### STORED DATA
--

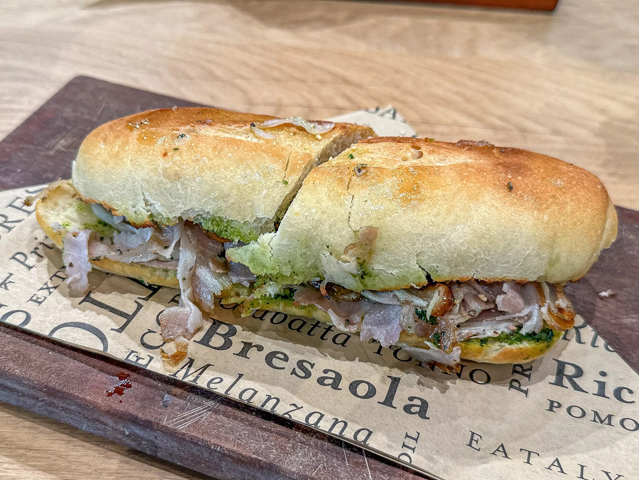 We’ve compiled a list of such offerings here in the Dallas area, but such lists should never be exhaustive or finite, and when we saw “porchetta panino” listed as an option at one of the counters offering freshly made food at Eataly at NorthPark Center, we ventured out to give it a try.
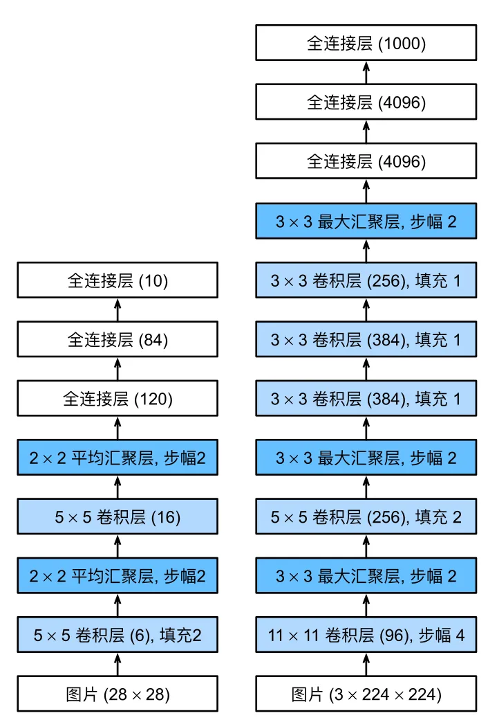 下图为LeNet-5(左)和AlexNet(右)的对比,AlexNet任然保留了N个卷积池化+全连接层的形式。
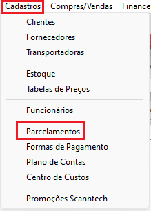 Com o ClippPro aberto, vá até o menu Cadastros e escolha a opção Parcelamentos

--

### WHAT IS REQUIRED
Retype the listing above exactly as it appears, omitting the pictures.

### THE ANSWER
 We’ve compiled a list of such offerings here in the Dallas area, but such lists should never be exhaustive or finite, and when we saw “porchetta panino” listed as an option at one of the counters offering freshly made food at Eataly at NorthPark Center, we ventured out to give it a try.
 下图为LeNet-5(左)和AlexNet(右)的对比,AlexNet任然保留了N个卷积池化+全连接层的形式。
 Com o ClippPro aberto, vá até o menu Cadastros e escolha a opção Parcelamentos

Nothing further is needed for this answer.